Star Mansion Master
Security checks across static analysis, malware telemetry, and agentic risk
Overview
This is a coherent instruction-only astrology and content-writing skill with no code, credentials, or network behavior; the main things to notice are local preference storage and optional social-media monetization wording.
This skill appears safe to use for astrology-style lookup and content drafting. Before installing, be aware that it may create or read local EXTEND.md preference files, and review any referenced external skill separately. Treat outputs as interpretive or entertainment content, not factual predictions or relationship decisions.
Static analysis
No static analysis findings were reported for this release.
VirusTotal
VirusTotal findings are pending for this skill version.
Risk analysis
Artifact-based informational review of SKILL.md, metadata, install specs, static scan signals, and capability signals. ClawScan does not execute the skill or run runtime probes.
Saved preferences such as platform, account name, persona, and monetization goals may be reused in later sessions and could affect generated content.
The skill intentionally loads and persists local preferences. This is aligned with customization, but project-level or user-level saved context can shape future responses.
Check EXTEND.md (priority: project → user) ... Found | Load → continue ... Not found | Run setup ... Save → continue
Review any EXTEND.md file before use, especially project-local copies, and avoid storing sensitive personal or business information there unless needed.
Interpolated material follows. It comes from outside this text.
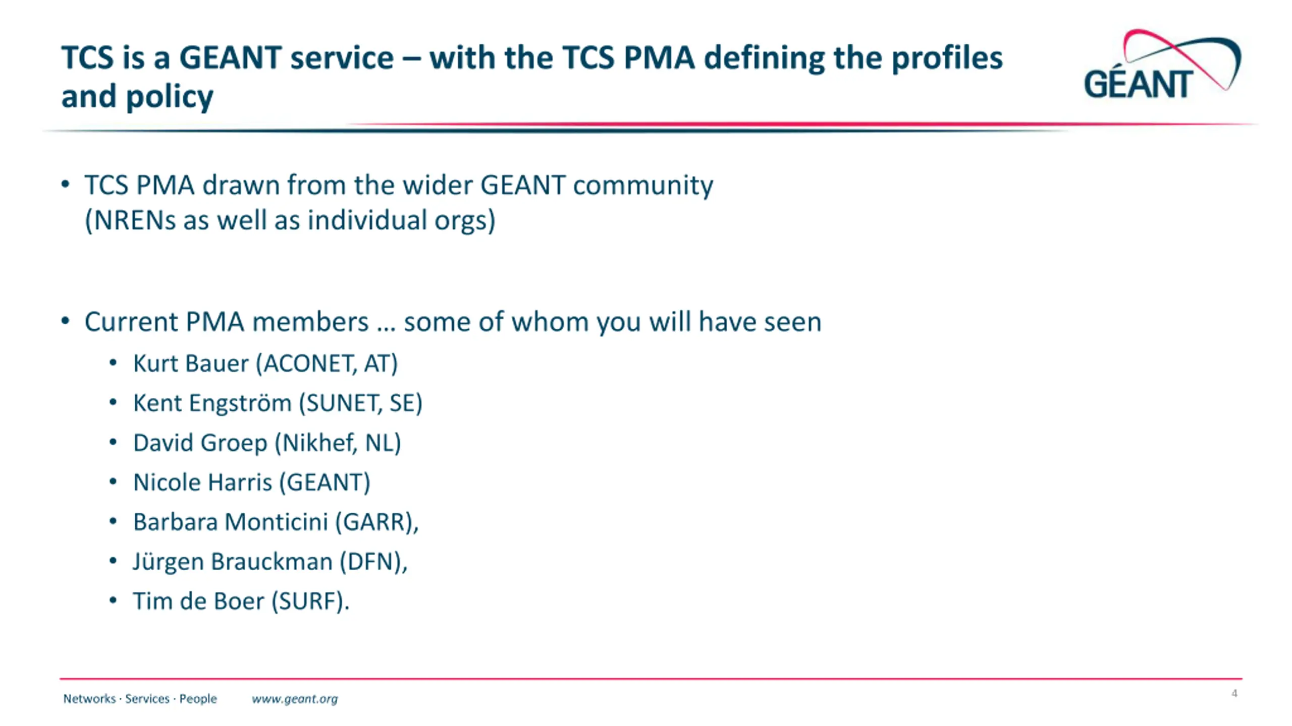 TCS is a GEANT service with the TCS PMA defining the profiles and policy TCS PMA drawn from the wider GEANT community (NRENs as well as individual orgs) Current PMA members some of whom you will have seen Kurt Bauer (ACONET, AT) Kent Engstr m (SUNET, SE) David Groep (Nikhef, NL) Nicole Harris (GEANT) Barbara Monticini (GARR), J rgen Brauckman (DFN), Tim de Boer (SURF). 4 Networks Services People www.geant.org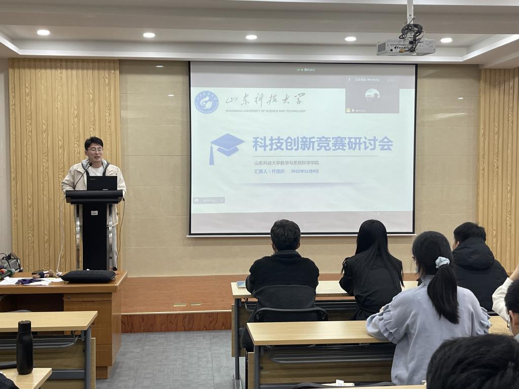 培训会上,代佳庆详细讲解了大学生科技创新竞赛类别等级,就“挑战杯”“互联网+”“全国大学生数学建模竞赛”及“全国大学生市场调查与分析大赛”等赛事从比赛背景、参赛条件、参赛要求及学院历届参与获奖情况等方面进行了重点分析,鼓励同学们在大学期间要科学制定好自己的学业生涯规划,积极参与科研项目和科创竞赛,提升科学素养和探究能力。

If the agent follows the referenced external skill, additional instructions outside this package may influence output formatting or behavior.
The skill points to another skill that is not included in the artifact set. This appears optional and purpose-aligned, but its behavior depends on that separate skill.
Follow `aura-content-strategist` skill for platform-specific formatting when creating XHS/Pinterest content.
Review and trust the referenced formatting skill separately before relying on it.
Generated replies may encourage followers to move into private messages or paid services.
The comment-reply workflow includes private-message and paid-reading funnel language. This is disclosed and aligned with the social media content purpose, but it is commercial influence wording.
"能帮我看看吗?" → 引导私信/付费
Use the monetization-style replies only when appropriate, and keep disclosures clear so followers understand they are receiving astrology-style content rather than guaranteed advice.